Dataset content -
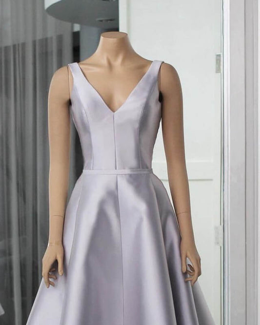 Silver V-neck Satin Midi Dress
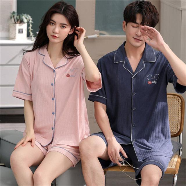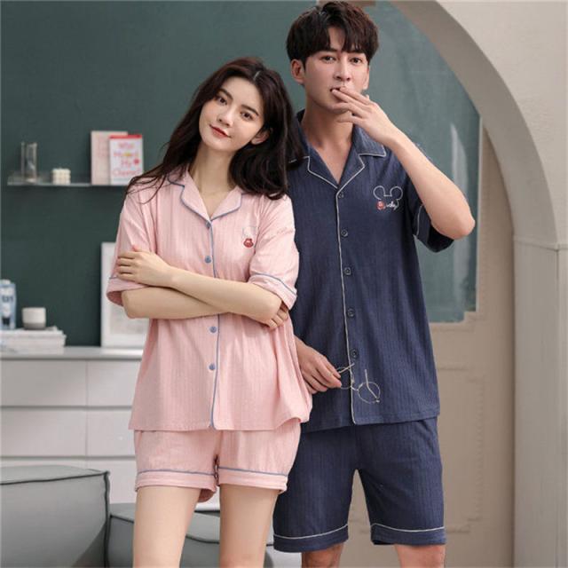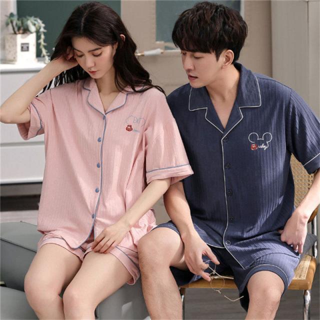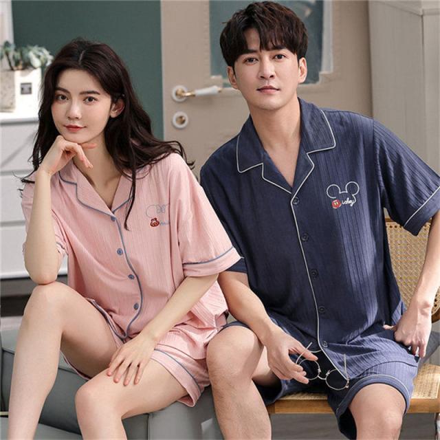 Mickey ペアパジャマ カップル ペア ルームウェア 夏 ペアルック パジャマ セットアップ 綿 寝巻き 部屋着 お揃い 寝間着 ギフト 結婚記念日
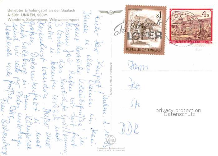 72699921 alte Postkarte Unken Alpenbad Freizeitzentrum Saalach Alpenpanorama Fliegeraufnahme postalisch gelaufen Erhaltung siehe scans [FriedD77] KatCode: 11390322050623
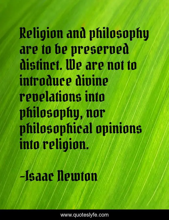 This page presents the quote "Religion and philosophy are to be preserved distinct. We are not to introduce divine revelations into philosophy, nor philosophical opinions into religion.". Author of this quote is Isaac Newton. This quote is about opinions, philosophy, divine,.

Instructions to follow -
Every line from the one containing "Mickey ペアパジャマ カップル" through the last line of the data is to be retyped exactly, with nothing added and no pictures included.

Completed exercise -
 Mickey ペアパジャマ カップル ペア ルームウェア 夏 ペアルック パジャマ セットアップ 綿 寝巻き 部屋着 お揃い 寝間着 ギフト 結婚記念日
 72699921 alte Postkarte Unken Alpenbad Freizeitzentrum Saalach Alpenpanorama Fliegeraufnahme postalisch gelaufen Erhaltung siehe scans [FriedD77] KatCode: 11390322050623
 This page presents the quote "Religion and philosophy are to be preserved distinct. We are not to introduce divine revelations into philosophy, nor philosophical opinions into religion.". Author of this quote is Isaac Newton. This quote is about opinions, philosophy, divine,.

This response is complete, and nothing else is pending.